Small needn’t be a disadvantage in e-tailing in UAE

Image used for illustrative purpose. Artists and designers work on arrangements for clothing items to be sold online at an eBay Fashion photo shoot in San Francisco, California November 4, 2010.

Image used for illustrative purpose. Artists and designers work on arrangements for clothing items to be sold online at an eBay Fashion photo shoot in San Francisco, California November 4, 2010.

REUTERS/Robert Galbraith

Whoopey.com launched operations in May last by principally focussing on tech gadgets

Monday, Mar 20, 2017

Dubai

Size needn’t count even in the world of online retailing. One Dubai based e-tailer is hoping to make this business model click to stay the course.

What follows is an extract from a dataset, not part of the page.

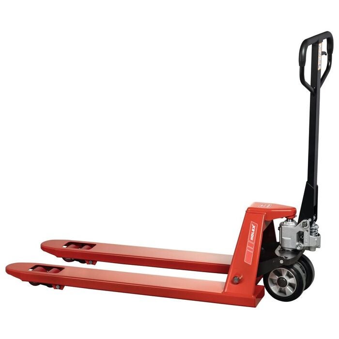 Handdriven gaffeltruck för ergonomisk transport av varor. Ram och gafflar i vridstyv skalkonstruktion. Stabilt körhandtag med motlager för påskjutning. Bekväm åkning, lyft och sänkning med det ergonomiska handtaget. Gaffelrullar Tandem polyuretan röda ⌀ 80 × 70 mm.
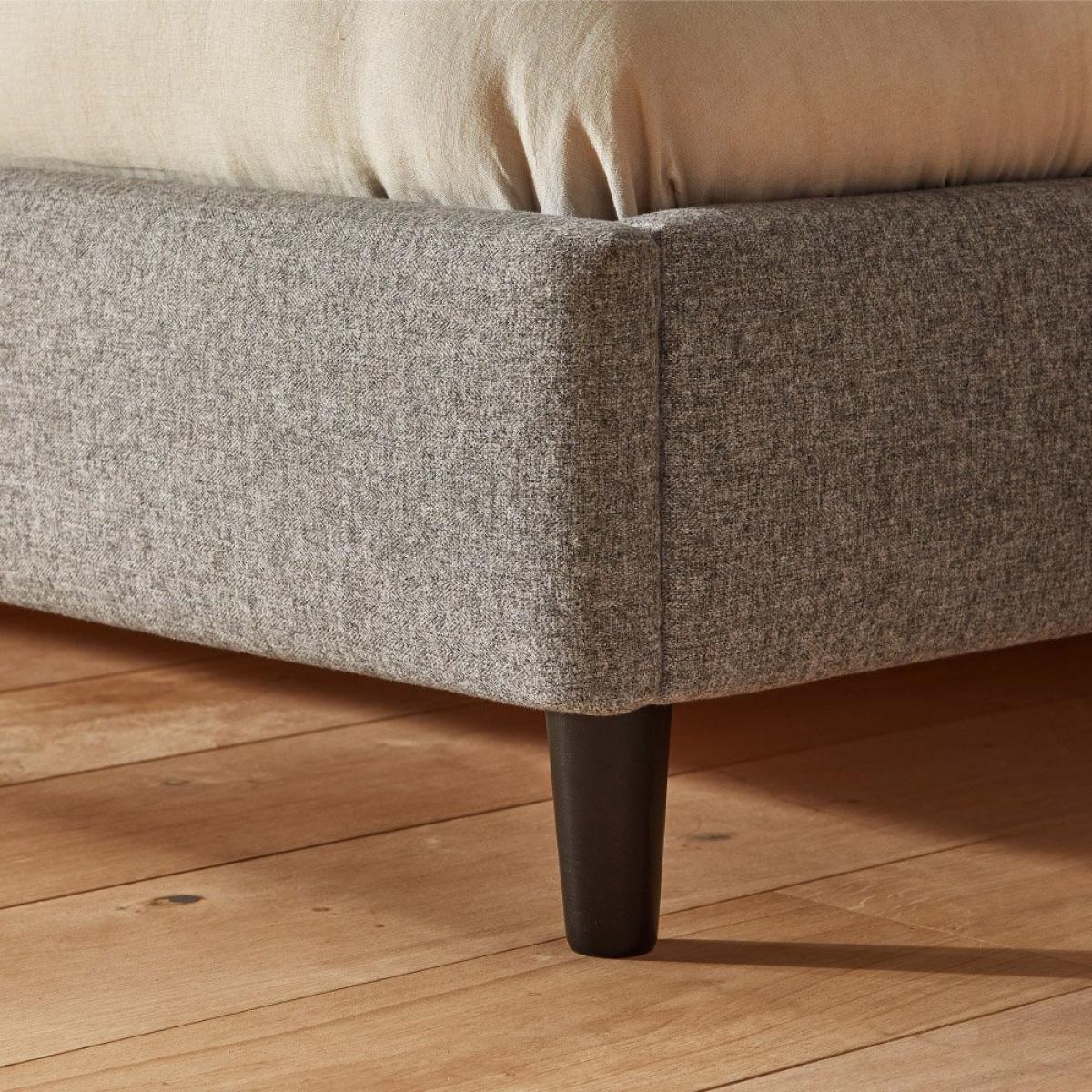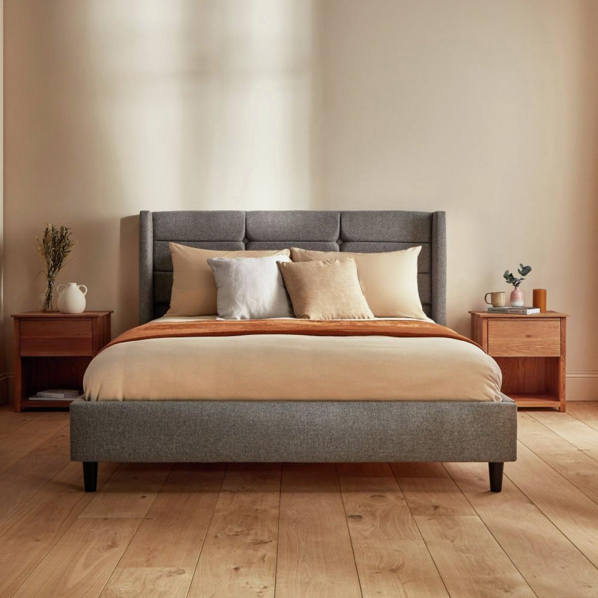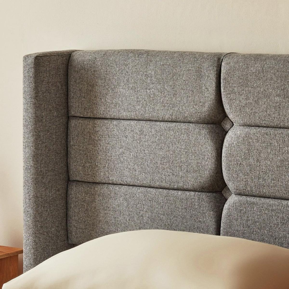 Finesse meets grace in the Lilith upholstered bedframe. Carefully crafted padding paired with exaggerated wings bring opulence to your bedroom. Handcrafted here in the UK, the bed is upholstered in a choice of natural woven textured fabrics, perfectly suited to add softness to any bedroom. The sumptuous, padded headboard adds a contemporary feel whilst ensuring optimum comfort. Complete with wooden legs, the Lilith makes a bold addition to your bedroom. Adjustable side rails can be rotated to accommodate a deep or shallow mattresses. Whilst the wooden slatted base provides excellent mattress support and airflow. Our made to order furniture service means you can choose from different options, such as fabric, size and shape to create a beautiful bespoke piece of furniture. Because this piece is designed just for you, you might notice the delivery time is a little longer than usual. Choose from our traditional flat woven charcoal fabric, durable and long lasting or the new tweed woven Pebble, a herringbone style perfect to create a traditional country chic look. Part of the Lilith collection. Upholstered frame. Herringbone fabric - 100% polyester. Wooden feet. Base with wooden slats. No storage. Size W163.5, L215.5, H32.5cm. Total maximum user weight 220kg. Self-assembly - 2 people recommended. Package Dimensions: Package 1 dimensions: H102, W175, D22.5cm. Package 1 weight: 29kg. Package 2 dimensions: H25, W24, D223cm. Package 2 weight: 30.5kg. Package 3 dimensions: H29, W152, D8.5cm. Package 3 weight: 15.5kg. General Information: By choosing FSC certified products, you are supporting responsible management of the world's forests. Manufacturer's 5 year parts and labour guarantee.

Whoopey.com launched operations in May last by principally focussing on tech gadgets. “We currently have a product listing of about 6,000 and hope to raise it to 10,000,” said Sa’ad Khan, CEO. “And once we reach that limit on tech devices, we will start building up the offerings for sportswear and accessories, and then into fashion.

“But with each category, we will only offer in the tens of thousands and not in the hundreds of thousands.”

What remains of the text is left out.